ABOUT THIS TASK:
Everything in the records below from the line containing "焦点股方面,智能电网板块博菲" through the line containing "Black faux leather" is to be reproduced exactly, those two lines included; no picture is to be copied.
(SUPPLIED MATERIAL)
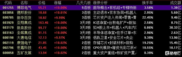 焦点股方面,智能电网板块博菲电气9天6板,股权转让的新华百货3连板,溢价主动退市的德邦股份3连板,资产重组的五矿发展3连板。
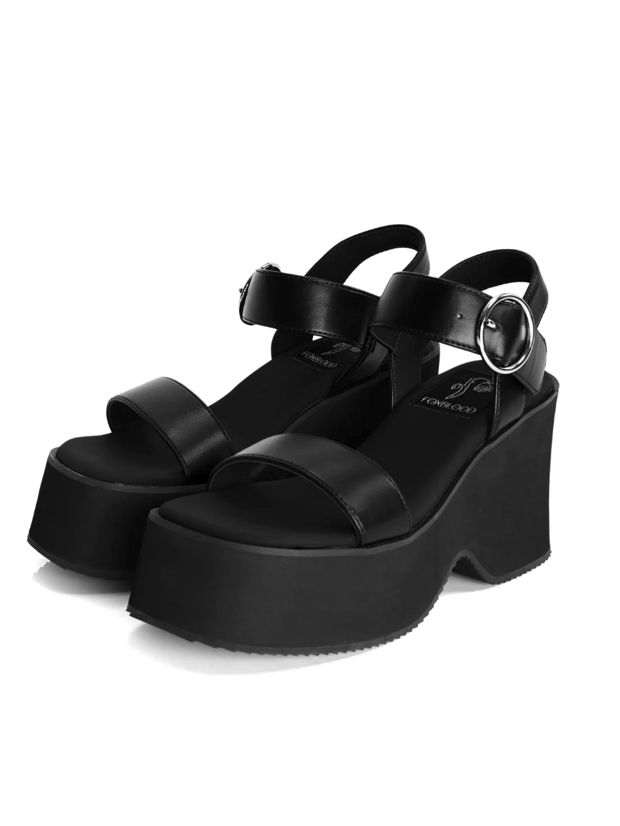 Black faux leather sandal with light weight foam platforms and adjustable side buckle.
(End SUPPLIED MATERIAL)
(SUPPLIED MATERIAL)
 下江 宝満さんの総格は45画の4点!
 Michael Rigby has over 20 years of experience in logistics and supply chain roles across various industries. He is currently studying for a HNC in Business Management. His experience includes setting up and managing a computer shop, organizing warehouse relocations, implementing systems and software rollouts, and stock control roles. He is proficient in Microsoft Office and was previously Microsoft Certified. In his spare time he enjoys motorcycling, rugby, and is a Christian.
(End SUPPLIED MATERIAL)
(SUPPLIED MATERIAL)
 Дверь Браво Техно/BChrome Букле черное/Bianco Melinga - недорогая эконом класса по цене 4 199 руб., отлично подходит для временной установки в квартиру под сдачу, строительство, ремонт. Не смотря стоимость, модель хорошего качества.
(End SUPPLIED MATERIAL)
TASK RESULT:
 焦点股方面,智能电网板块博菲电气9天6板,股权转让的新华百货3连板,溢价主动退市的德邦股份3连板,资产重组的五矿发展3连板。
 Black faux leather sandal with light weight foam platforms and adjustable side buckle.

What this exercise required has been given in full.